SA's slide down international rankings

Dave Steward says the current assault on ‘liberalism' is having serious consequences

TOBAGGANING THE DOWNSLOPES OF INTERNATIONAL INDICATORS

Not since the days of John Vorster have liberal values been under such attack by government as they are now.  On the ‘battlefield of ideas', the ANC has arrayed its forces against "neo-liberalism'; against "a weak and passive state"; and against "over-emphasis on individual rights (and) market fundamentalism." It has articulated its own position as ‘the developmental state, collective rights, values of caring and community solidarity, and non sexism'. 
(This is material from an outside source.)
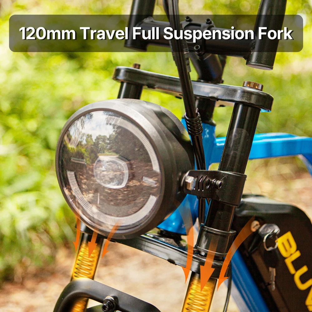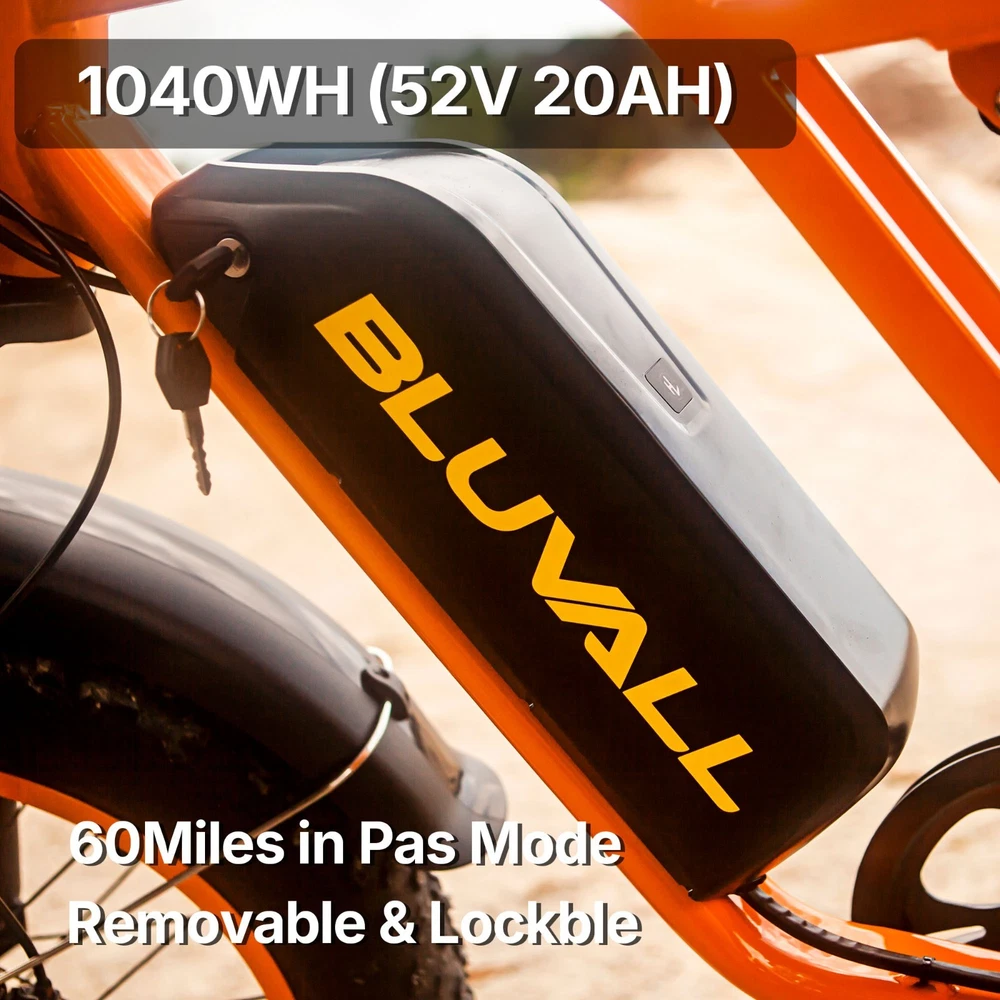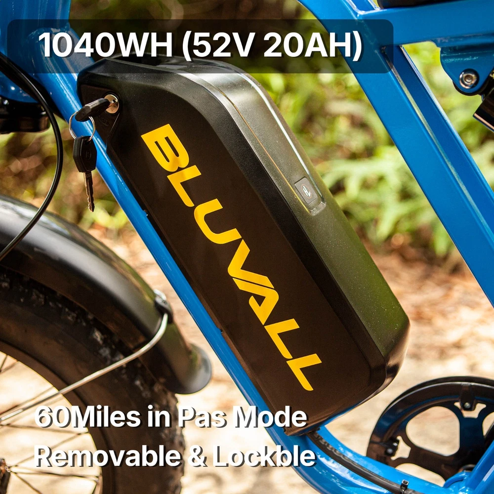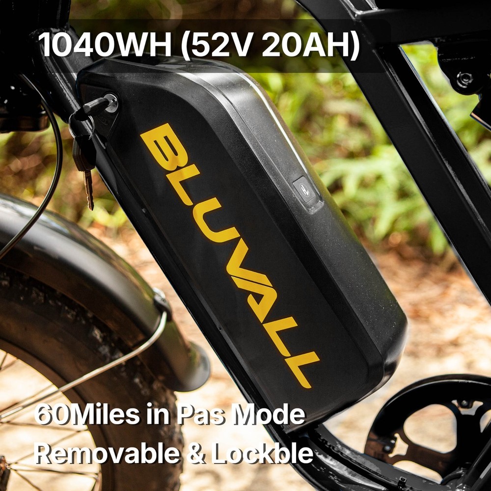 Why BLUVALL? The e-bike is designed for convenience in both commuting and adventure, featuring a speed of 35MPH and a long range of 60 miles,Barely any maintanence. E-SYSTEM Class Class 1/2/3 (Switchable) Motor Rear Geared Hub Brushless Motor, Rated 1000W (1500W Peak) Motor Torque 105Nm Controller 52V 28A Peak Battery Removable BMS Lithium-ion battery, 52V 20Ah, 1040Wh Certification UL 2849 & UL 2271 Certified (Entire e-bike system and battery are certified) Charger 58.8V 3 Amp, Aviation Connector Charge Time 5~8 Hours Max Speed 35MPH Max Range Up to 60 miles by pedal assist, 40+ miles by throttle (based on 70kg rider; varies with conditions) FEATURES Display Backlit LCD Multifunctional Display USB Port Display-Integrated USB Charging Port to charge your phone on the go Lights Integrated 100Lux Headlight & Rear Light with Turn Signals Riding Modes 3 Distinct Riding Modes, 5 Levels of Pedal Assist Pedal Assist 5 Levels, Cadence Sensor Speed Configuration Unlock the speed limit to 31MPH, or set the speed limit to a desired safe velocity. Water Resistance IPX6 Rating (Protects against powerful water jets from any direction) COMPONENTS Frame High-Strength Carbon Steel Suspension Full Suspension Front Fork Dual Crown Suspension Fork (120mm Travel) with lock-out and rebound adjustability for pro-level control and handling. Rear Shock Heavy-Duty Rear Shock (210mm x 800lb) engineered to support heavy payloads and absorb major impacts for a stable, planted ride. Brake Front & Rear Hydraulic Disc Brakes Brake Rotor 180mm, 1.9mm thick Throttle Twist Throttle, Ergonomic Right-Hand Throttle Shifter Shimano, 7-Speed Freewheel 7-Speed Rear Derailleur Shimano, Long Cage Crank & Chainring 48T, 170mm Alloy Crank Handlebar Aluminum Ø31.8mm, Width 710mm Grips Nylon Lock-on Seatpost Forged Alloy, Ø30.4 x 350mm Stem Bar bore Ø31.8mm, Clamp I.D. Ø28.6mm, Height 40mm, Rise 0° Rim Material Aluminum Rim Size 20 x 3.0 Rim Type Wheel with Integral Hub Tire Fat Tires, 20″ x 4.0″ Saddle Extended Two-Passenger Saddle, crafted from durable PU leather to comfortably share the ride Pedal 1 Pairs Alloy Platform Pedals Kickstand Side Kickstand Fenders Full-Coverage Front & Rear Fenders Included Phone Holder Included DIMENSIONS & WEIGHT Net Weight 36 kg (79.4 lbs) Gross Weight 45.6 kg (100.5 lbs) Battery Weight 4.2 kg (9.3 lbs) Payload Capacity 150 kg (330 lbs) Recommended Rider Height 5'1"–6'1" (155cm ~185cm) Product Size 172 x 113 x 75 cm Packing Size 145 x 32 x 80 cm 【Powerful Brushless Motor】 Equipped with rated 1000W (Peak 1500W) high-speed hub motor offers enhanced climbing ability to slope 35°, reaching speeds of up to 31mph . You can get excellent riding experience in most road conditions 【 Removable 1040WH BMS Battery 】 Equipped with The detachable 52V 20AH battery offers a long riding range of 40-60 miles in pedal assist mode, sufficient for adventures or most commutes. Two charging methods are available: charging the battery in the bike or removing the battery for charging 【 Full Suspension & 20"x4" Fat Tires 】 Equipped with front suspension fork and rear shock, which greatly reduces bumps during riding. 20 x 4.0'' fat tires also provide great grip and excellent shock absorption, and effectively increase riding stability. This full suspension ebike offers the most comfortable riding in all terrain such as snow, beach, mountain, gravel roads, helps you conquer most road conditions 【 Shimano 7 Speed Gears & Hydraulic Brakes 】 Equipped with professional 7-speed gears and dual hydraulic disc brakes, you can effortlessly shift gears and stop, giving you full control over your riding experience. Choose from 3 working modes - pure electric, pedal-assist, or pure pedal - to suit your preferences and make every ride tailored to your needs 【Multiple Riding Modes】 Choose from pure electric, pedal-assist, or manual cycling modes, each with 5 assistance levels. The 7-speed gear system offers smooth shifting, making this bike perfect for both casual rides and more demanding off-road adventures. 【 Durable and Stylish Frame 】 Equipped with a strong carbon steel frame supporting up to 330 lbs and suitable for riders from 5'1" to 6'1", this electric bike is designed for both comfort and durability. The modern M5 color display adds a premium touch, giving you a stylish and functional bike for any occasion. 【 LCD Display 】Equipped with the modern M5 color display, which provides real-time metrics, including speed, mileage, PAS level, and battery status, adds a premium touch, giving you a stylish and functional bike for any occasion. 【 High-Visibility Front & Rear Lights 】Equiped with an ultra-bright LED headlight and integrated taillights, delivering enhanced visibility and safety, making the rider easily noticeable from all angles, ideal for the dark environments. 【Easy to Assemble】 This e-bike comes 85% pre-assembled. Assembly video will be provided. 【1-Year Warranty】 If there is any problem, pls contact us, we’ll reply your message within 24 hours. We provide lifetime technical support, and committed to providing professional warranty after-sales service for every electric bicycle. Pls keep the original bike box for 30 days for possible return The item is UL 2849 certified with a link to the UL Product iQ https://productiq.ulprospector.com/en

Blade Nzimande, the Secretary-General of the SACP, has been in the vanguard of recent sallies against liberalism.  On 27 September he warned that   "we have a huge liberal offensive against our democracy" and that "the print media is the biggest perpetrator of this liberal thinking."  It was accordingly necessary to establish a Media Appeals Tribunal "to protect socialism" (NB. In saying this, the Minister  admitted what critics of the MAT have averred all along - that its real purpose is political and not the protection of  the rights and dignity of individuals as its promoters claim.)

Nzimande's attack on the liberal media followed attacks last year on universities in which he said that "we need to give higher education a revolutionary content, and not a liberal content."   He also warned against "human rights fundamentalism" and said that it - together with academic freedom - were used by the ‘elite classes' to undermine the transformation of the higher education sector. 

In its recently published ‘Growth Path to Full Employment' Cosatu castigates the ‘myths of neo-liberalism' which it identifies as ‘trade liberalisation, financial liberalisation, labour market deregulation, the limited role of the state, fiscal austerity, tight monetary policy and central bank independence'.  It ascribes all the ills of the economy - and most notably catastrophic levels of unemployment - to neo-liberal policies which it claims have been implemented under the guise of the ANC's GEAR programme.

The assault on liberalism has measurable consequences.  According to the latest ‘Economic Freedom of the World Report' South Africa has slumped from its position as 42nd freest economy in the world in 2000 to the 82nd position in 2008.   This places it in the survey's second lowest quartile.  Not only has the South African economy become less free in absolute terms, it has also been overtaken by a number of competitor countries that have embraced free markets and free institutions.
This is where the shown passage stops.